## Line Graphs: Accuracy vs. Noise Intensity Coefficient (α) for Different Models
### Overview
The image contains three line graphs comparing the performance of two methods—**DiffCoT** (blue) and **Full-Step DPO** (orange)—across three language models: **Llama3-8B**, **Qwen3-8B**, and **Qwen3-4B**. Each graph plots accuracy (y-axis, %) against the noise intensity coefficient (α, x-axis, ranging from 0 to 0.4). Both methods show declining accuracy as α increases, but **DiffCoT** consistently outperforms **Full-Step DPO** across all models.
---
### Components/Axes
- **X-axis**: Noise Intensity Coefficient (α) with markers at 0, 0.1, 0.2, 0.3, 0.4.
- **Y-axis**: Accuracy (Acc, %) with increments of 5%.
- **Legends**:
- Blue line: **DiffCoT**
- Orange line: **Full-Step DPO**
- **Graph Titles**:
- Llama3-8B (left)
- Qwen3-8B (center)
- Qwen3-4B (right)
---
### Detailed Analysis
#### Llama3-8B
- **DiffCoT**: Starts at ~38% (α=0), declines to ~19% (α=0.4).
- **Full-Step DPO**: Starts at ~38% (α=0), declines to ~15% (α=0.4).
- **Trend**: Both methods show a steep downward slope, with **DiffCoT** maintaining a ~3–5% advantage.
#### Qwen3-8B
- **DiffCoT**: Starts at ~66% (α=0), declines to ~42% (α=0.4).

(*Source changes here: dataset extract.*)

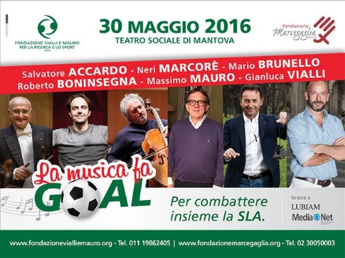Saranno il Maestro Salvatore Accardo e il suo violino, il Maestro Mario Brunello e il suo violoncello, Roberto Boninsegna, con Gianluca Vialli, Massimo Mauro, unico italiano che ha giocato con Platini, Zico e Maradona e Neri Marcorè con la sua partitura di satira e poesia, i protagonisti principali dell’evento-concerto 'La musica fa goal', che si terrà a Mantova al Teatro Sociale lunedì 30 maggio a partire dalle ore 20.00.

- **Full-Step DPO**: Starts at ~66% (α=0), declines to ~40% (α=0.4).
- **Trend**: Similar to Llama3-8B, but with higher absolute accuracy values. The gap between methods narrows slightly at α=0.4.
#### Qwen3-4B
- **DiffCoT**: Starts at ~64% (α=0), declines to ~41% (α=0.4).
- **Full-Step DPO**: Starts at ~64% (α=0), declines to ~38% (α=0.4).
- **Trend**: Steeper decline compared to other models. **DiffCoT** retains a ~3% edge at α=0.4.
---
### Key Observations
1. **Consistent Performance Gap**: **DiffCoT** outperforms **Full-Step DPO** across all models and α values.
2. **Model Sensitivity**:
- **Qwen3-4B** shows the steepest decline in accuracy for both methods, suggesting higher sensitivity to noise.
- **Llama3-8B** exhibits the least sensitivity, with a smaller drop in accuracy.
3. **Noise Impact**: Accuracy decreases non-linearly as α increases, with sharper drops at higher α values.
---
### Interpretation
The data demonstrates that **DiffCoT** is more robust to noise than **Full-Step DPO** across all tested models. This could indicate that **DiffCoT**’s methodology (e.g., incremental noise injection during training) better prepares models for noisy environments. The steeper decline in **Qwen3-4B** suggests architectural or training differences that make it more vulnerable to noise. Practically, **DiffCoT** may be preferable for applications requiring noise resilience, while **Full-Step DPO** might suffice in cleaner environments. Further investigation into the noise-handling mechanisms of these methods could clarify their relative strengths.